DATA PROVIDED –
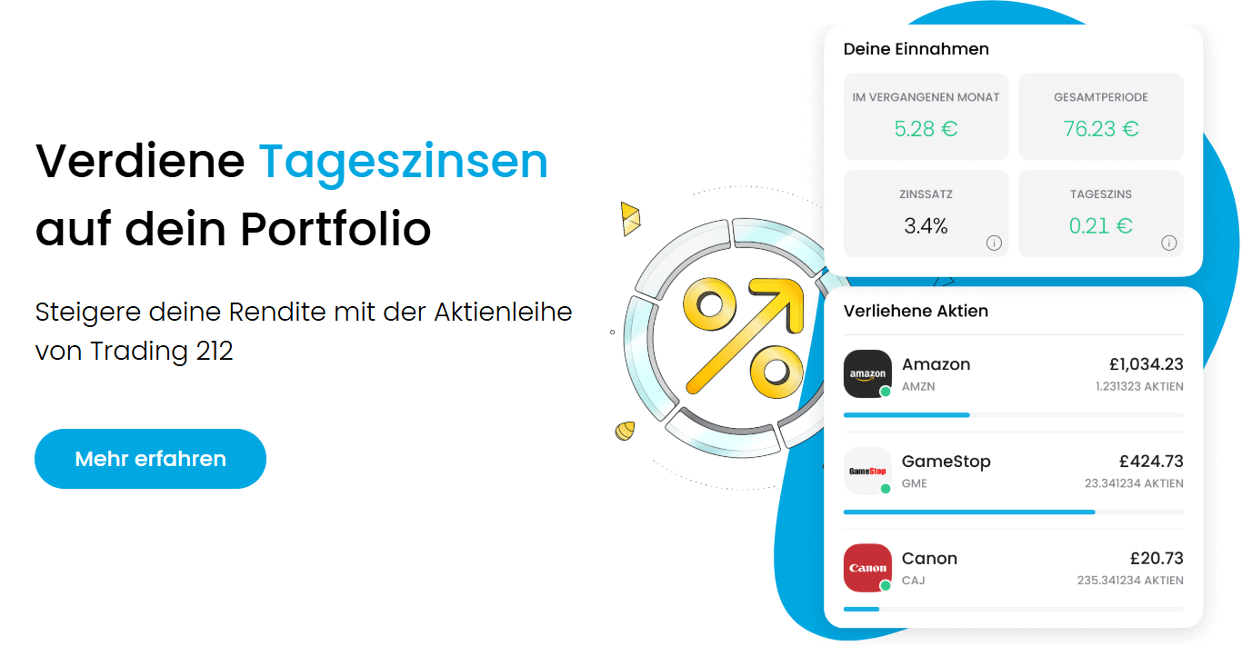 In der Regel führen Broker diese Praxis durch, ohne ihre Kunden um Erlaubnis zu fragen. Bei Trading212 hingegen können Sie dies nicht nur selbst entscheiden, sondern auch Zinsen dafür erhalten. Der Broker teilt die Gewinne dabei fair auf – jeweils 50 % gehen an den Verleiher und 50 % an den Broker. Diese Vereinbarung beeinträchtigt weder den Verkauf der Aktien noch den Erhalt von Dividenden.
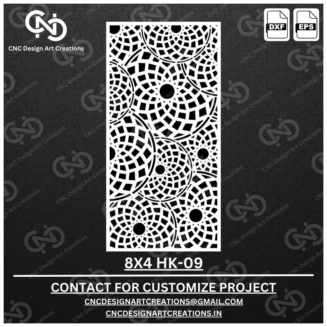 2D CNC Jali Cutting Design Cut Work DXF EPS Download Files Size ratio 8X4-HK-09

--

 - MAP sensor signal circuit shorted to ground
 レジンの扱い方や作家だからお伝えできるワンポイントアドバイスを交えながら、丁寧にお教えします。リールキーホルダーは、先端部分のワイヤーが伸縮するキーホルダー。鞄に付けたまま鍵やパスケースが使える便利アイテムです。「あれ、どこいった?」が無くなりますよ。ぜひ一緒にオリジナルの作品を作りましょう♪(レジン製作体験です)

TASK GOAL –
Would you print exactly the lines in the listing above, from the line bearing "In der Regel" through the line bearing "2D CNC Jali", leaving out all pictures?

SOLUTION TO THE PROBLEM –
 In der Regel führen Broker diese Praxis durch, ohne ihre Kunden um Erlaubnis zu fragen. Bei Trading212 hingegen können Sie dies nicht nur selbst entscheiden, sondern auch Zinsen dafür erhalten. Der Broker teilt die Gewinne dabei fair auf – jeweils 50 % gehen an den Verleiher und 50 % an den Broker. Diese Vereinbarung beeinträchtigt weder den Verkauf der Aktien noch den Erhalt von Dividenden.
 2D CNC Jali Cutting Design Cut Work DXF EPS Download Files Size ratio 8X4-HK-09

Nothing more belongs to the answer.